▶ **PROBLEM REQUIREMENTS**:
Take the listing below and write it out again exactly, skipping any picture that it holds.
Segment Start: EXERCISE DATA
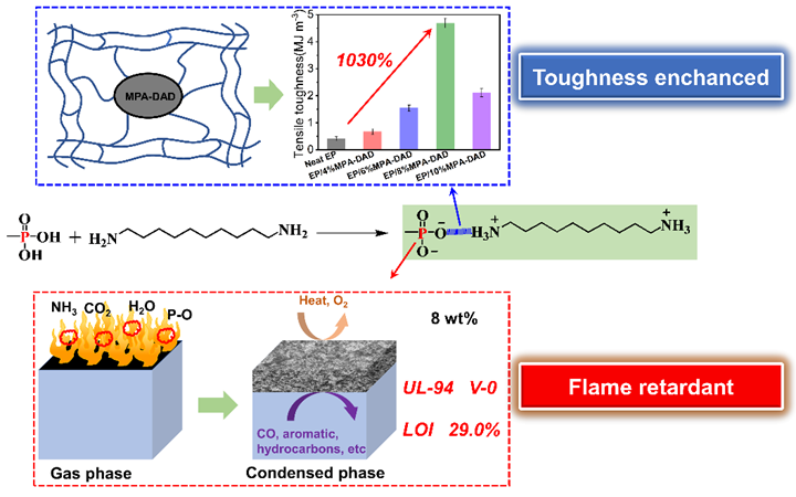 該研究以“Novel Ionic Complex with Flame Retardancy and Ultrastrong Toughening Effect on Epoxy Resin(固態環氧樹脂基于離子犧牲鍵的阻燃和超級增韌)”為題,針對固態環氧樹脂易燃和質脆的問題,首次提出了基于離子犧牲鍵的環氧樹脂增韌方法。通過甲基膦酸(MPA)和有機胺之間簡單的一步中和方式,合成了一種阻燃增韌一體的離子絡合物。甲基膦酸有很強的脫水成炭能力,能在凝聚相和氣相中發揮協效作用,賦予固態環氧樹脂具有阻燃能力。甲基膦酸與有機胺通過離子鍵鍵合,在受到應力作用時,離子鍵可作為犧牲鍵發生斷裂而耗散能量,從而提高材料的韌性。所發明的這種新型增韌技術方法,當添加量為8%時,EP/8% MPA-DAD的極限氧指數(LOI)達到了29.0%,通過了UL-94 V-0測試,沖擊強度、拉伸強度和彎曲強度較純EP分別提高了69%、18%和20%,拉伸韌性和彎曲韌性分別提高了1030%和611%,達到超級增韌。
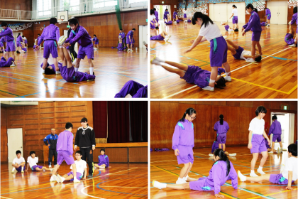 2年生 保健体育の授業風景です。 雨のため、予定を変更して「体幹トレーニング」に取り組みました。
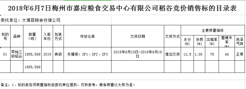 受客戶委托,梅州市嘉應(yīng)糧食交易中心有限公司定于2018年6月7日(星期四)舉辦糧食競價(jià)交易會(huì),大埔縣糧食收儲(chǔ)公司擬銷售早秈稻1655.599噸。
Segment End: EXERCISE DATA
▶ **TASK OUTPUT**:
 該研究以“Novel Ionic Complex with Flame Retardancy and Ultrastrong Toughening Effect on Epoxy Resin(固態環氧樹脂基于離子犧牲鍵的阻燃和超級增韌)”為題,針對固態環氧樹脂易燃和質脆的問題,首次提出了基于離子犧牲鍵的環氧樹脂增韌方法。通過甲基膦酸(MPA)和有機胺之間簡單的一步中和方式,合成了一種阻燃增韌一體的離子絡合物。甲基膦酸有很強的脫水成炭能力,能在凝聚相和氣相中發揮協效作用,賦予固態環氧樹脂具有阻燃能力。甲基膦酸與有機胺通過離子鍵鍵合,在受到應力作用時,離子鍵可作為犧牲鍵發生斷裂而耗散能量,從而提高材料的韌性。所發明的這種新型增韌技術方法,當添加量為8%時,EP/8% MPA-DAD的極限氧指數(LOI)達到了29.0%,通過了UL-94 V-0測試,沖擊強度、拉伸強度和彎曲強度較純EP分別提高了69%、18%和20%,拉伸韌性和彎曲韌性分別提高了1030%和611%,達到超級增韌。
 2年生 保健体育の授業風景です。 雨のため、予定を変更して「体幹トレーニング」に取り組みました。
 受客戶委托,梅州市嘉應(yīng)糧食交易中心有限公司定于2018年6月7日(星期四)舉辦糧食競價(jià)交易會(huì),大埔縣糧食收儲(chǔ)公司擬銷售早秈稻1655.599噸。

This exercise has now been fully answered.